◆ Task item: Whatever appears in the records, retype it exactly, except for the pictures.

◆ Stored items:
--*--

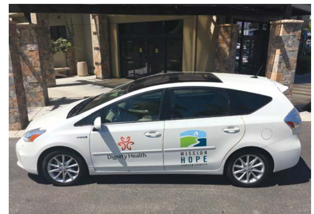
Transport to Treatment Program

Additionally, the Cancer Care Fund exists to provide cancer patients in need with financial assistance, cancer support groups, counseling, and diagnostic screenings. The fund also
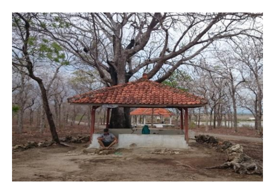
Figure 3. Historical Tomb of Buju' Adirasa

This tourism spot is unique because it has a historical heritage that adds another potential of this beach. The tomb gives us a historical value that during his lifetime, Adirasa liked to meditate to get closer to the Almighty and this of course will give another value for the tourists and local community. See the following Figure 3 to get more details about The Historical Tomb of Buju' Adirasa.
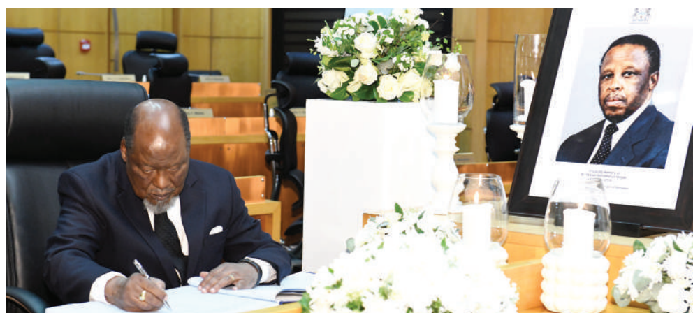
Former president of Mozambique, Mr Joaquim Chissano signing a book of condolences to pay tribute to Dr Mogae.
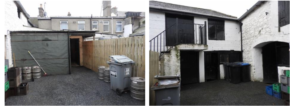
Smoking Area off the Bar & some of the outbuildings with store room off lounge
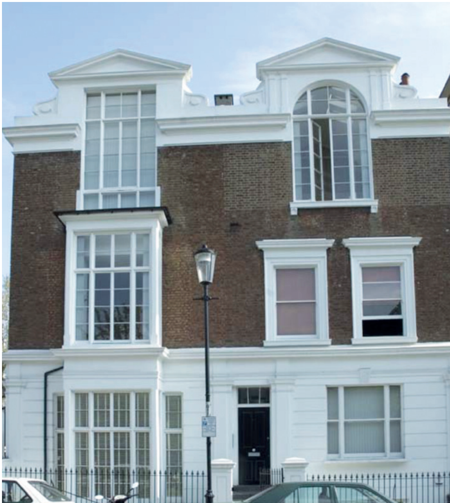
Artisan's House Blenheim Crescent London.
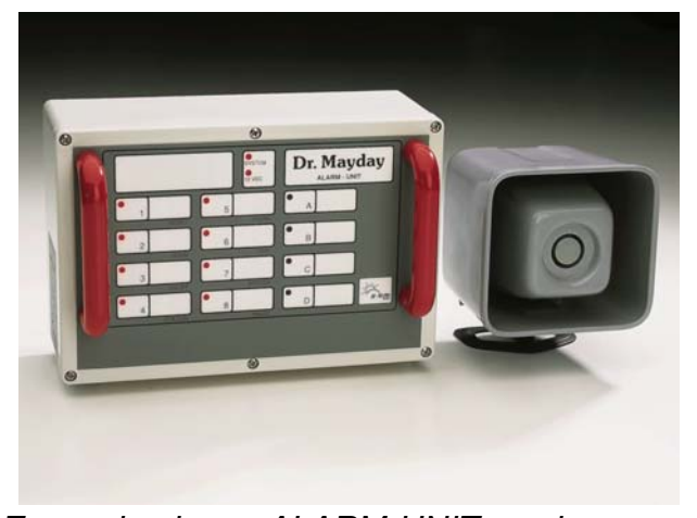
Expansion by an ALARM-UNIT serving 8 ON/OFF inputs and 4 outputs.
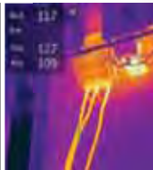
Delta T-Differential Temperature
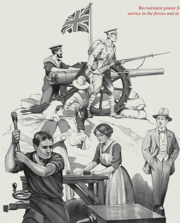
Recruitment poster for war service in the forces and at home
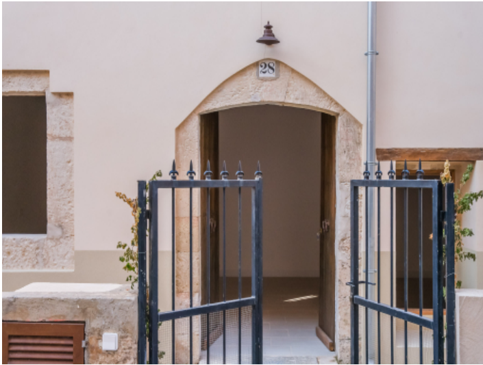
Entrance to the house
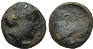
245 Uncertain Greek Coins (1.2Gr. 9mm.)
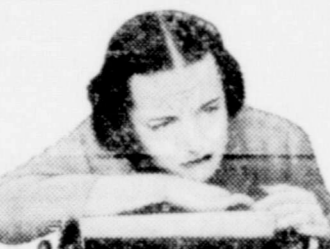
Here's a SENSIBLE way to relieve distress of
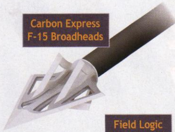
Field Logic Block Fusion
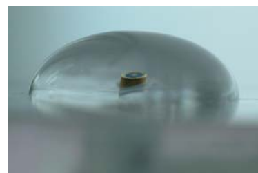
Fig.4 Probe for measuring droplet
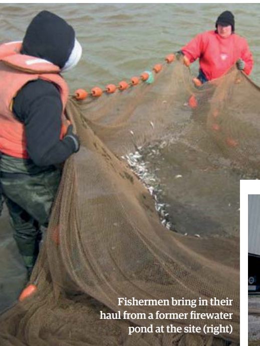
Fishermen bring in their haul from a former firewater pond at the site (right)

LOCAL ANGLERS ARE REELING in the benefits after a gas storage facility in Greater Manchester was decommissioned.
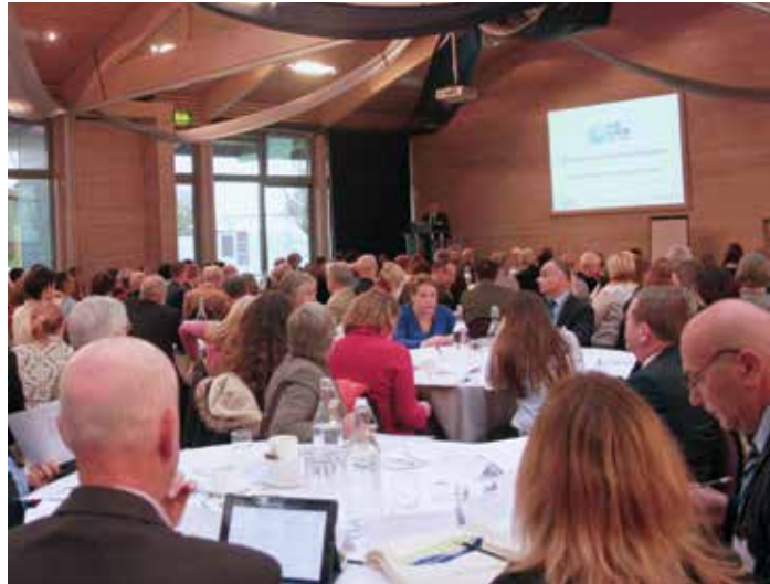
Delegates at the the East Suffolk Partnership forum in November 2015

The aim of the conference is to help build better partnership working in East Suffolk, allowing the delegates the opportunity to meet members of the East Suffolk Partnership Board, hear about progress in developing a collaborative
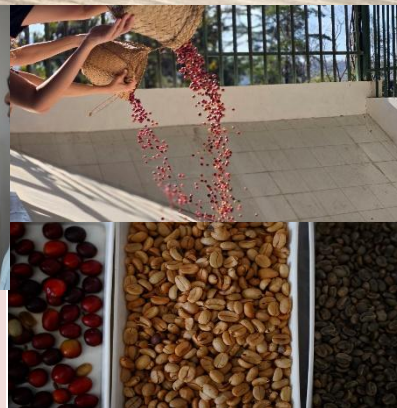
Pouring freshly picked coffee cherries for processing in Ermera, ~800m above sea level.

--*--

◆ Written answer:
Transport to Treatment Program

Additionally, the Cancer Care Fund exists to provide cancer patients in need with financial assistance, cancer support groups, counseling, and diagnostic screenings. The fund also
Figure 3. Historical Tomb of Buju' Adirasa

This tourism spot is unique because it has a historical heritage that adds another potential of this beach. The tomb gives us a historical value that during his lifetime, Adirasa liked to meditate to get closer to the Almighty and this of course will give another value for the tourists and local community. See the following Figure 3 to get more details about The Historical Tomb of Buju' Adirasa.
Former president of Mozambique, Mr Joaquim Chissano signing a book of condolences to pay tribute to Dr Mogae.
Smoking Area off the Bar & some of the outbuildings with store room off lounge
Artisan's House Blenheim Crescent London.
Expansion by an ALARM-UNIT serving 8 ON/OFF inputs and 4 outputs.
Delta T-Differential Temperature
Recruitment poster for war service in the forces and at home
Entrance to the house
245 Uncertain Greek Coins (1.2Gr. 9mm.)
Here's a SENSIBLE way to relieve distress of
Field Logic Block Fusion
Fig.4 Probe for measuring droplet
Fishermen bring in their haul from a former firewater pond at the site (right)

LOCAL ANGLERS ARE REELING in the benefits after a gas storage facility in Greater Manchester was decommissioned.
Delegates at the the East Suffolk Partnership forum in November 2015

The aim of the conference is to help build better partnership working in East Suffolk, allowing the delegates the opportunity to meet members of the East Suffolk Partnership Board, hear about progress in developing a collaborative
Pouring freshly picked coffee cherries for processing in Ermera, ~800m above sea level.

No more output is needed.